● THE PROBLEM: An exact copy of the data below is needed; please leave out any pictures.

● DATA EXTRACT:

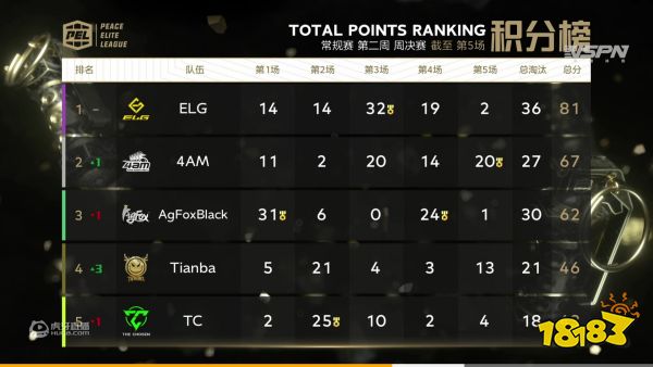 积分榜上ELG战队前几场都是稳字当头,第一场、第二场和第四场都是稳重求分,第三场也是成功拿下32的高分,但是第五场刚开始就被Tianba战队灭队,巨大的危机感,虽说总分已经很高了,但电竞场上的变故不可预料。
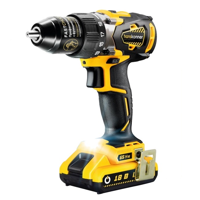Основные характеристики:Устройство: дрель-шуруповертКонструкция: пистолетнаяКоличество оборотов 2000 об/минКрутящий момент 65 Нмс регулировкой / 19 режимов + сверление /Редуктор 2-скоростнойКоличество скоростей 2 / 450/2000 об/мин /Реверс ползунковыйВес 1.54 кгТип патрона: быстрозажимнойДиаметр патрона 13 ммМакс. диаметр сверления дерева 30 ммМакс. диаметр сверления металла 10 ммФункции и возможности:тормоз двигателяэлектронная защита двигателябесщеточный двигательподсветкаКомплектация: фонарькейс (сумка)Источник питания: аккумуляторКомплектный аккумулятор 2 штАккумуляторная платформа Hanskonner 1 Battery SystemНапряжение батареи 18 ВТип батареи Li-IonЕмкость аккумулятора 2.4 АчСовместимые аккумуляторы HBP18-4LВремя зарядки 60 минФункция Power Bank Индикатор уровня заряда Крепление аккумулятора: слайдер
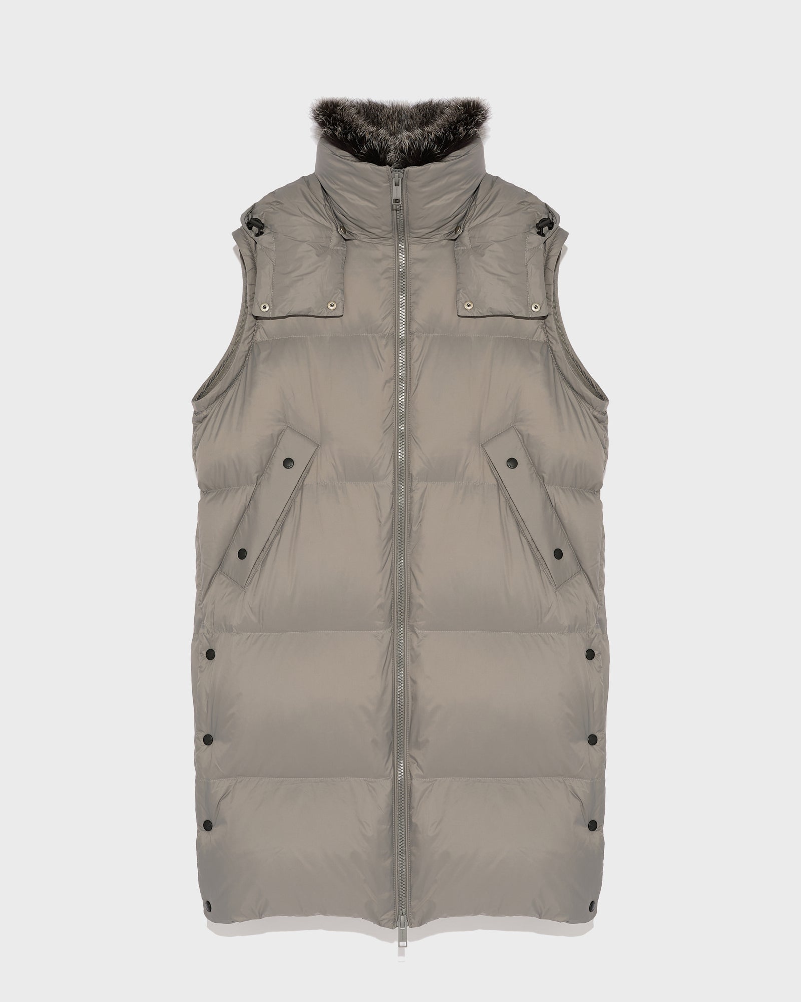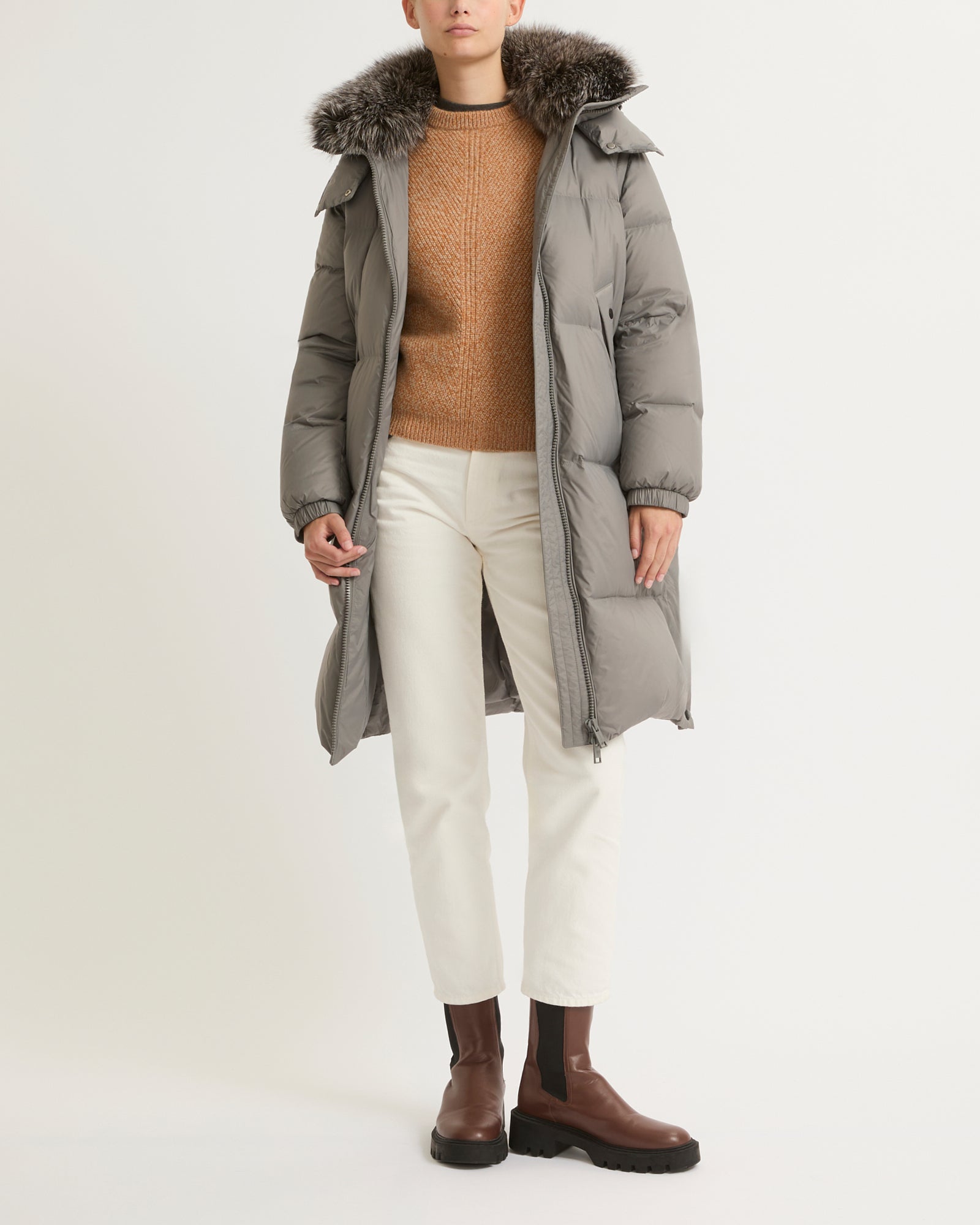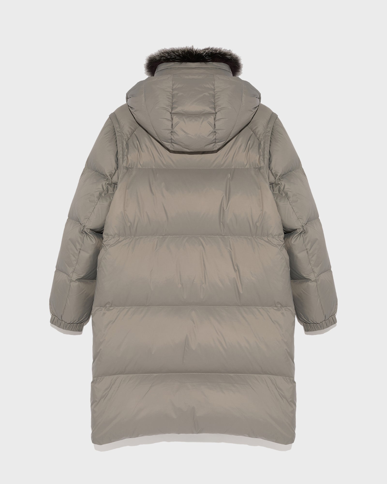 Perfectly suited to the coldest weather, this down jacket combines the technical qualities of a water-repellent fabric and down lining with the warmth and elegance of a detachable fox fur collar. A hood also detachable offers further protection against the elements. This knee-length piece is especially versatile due to removable sleeves which allow it to be worn as a gilet, and it can be cinched using drawstring at the waist. Two large pockets welcome cold hands.

● WRITTEN ANSWER:
 积分榜上ELG战队前几场都是稳字当头,第一场、第二场和第四场都是稳重求分,第三场也是成功拿下32的高分,但是第五场刚开始就被Tianba战队灭队,巨大的危机感,虽说总分已经很高了,但电竞场上的变故不可预料。
Основные характеристики:Устройство: дрель-шуруповертКонструкция: пистолетнаяКоличество оборотов 2000 об/минКрутящий момент 65 Нмс регулировкой / 19 режимов + сверление /Редуктор 2-скоростнойКоличество скоростей 2 / 450/2000 об/мин /Реверс ползунковыйВес 1.54 кгТип патрона: быстрозажимнойДиаметр патрона 13 ммМакс. диаметр сверления дерева 30 ммМакс. диаметр сверления металла 10 ммФункции и возможности:тормоз двигателяэлектронная защита двигателябесщеточный двигательподсветкаКомплектация: фонарькейс (сумка)Источник питания: аккумуляторКомплектный аккумулятор 2 штАккумуляторная платформа Hanskonner 1 Battery SystemНапряжение батареи 18 ВТип батареи Li-IonЕмкость аккумулятора 2.4 АчСовместимые аккумуляторы HBP18-4LВремя зарядки 60 минФункция Power Bank Индикатор уровня заряда Крепление аккумулятора: слайдер
 Perfectly suited to the coldest weather, this down jacket combines the technical qualities of a water-repellent fabric and down lining with the warmth and elegance of a detachable fox fur collar. A hood also detachable offers further protection against the elements. This knee-length piece is especially versatile due to removable sleeves which allow it to be worn as a gilet, and it can be cinched using drawstring at the waist. Two large pockets welcome cold hands.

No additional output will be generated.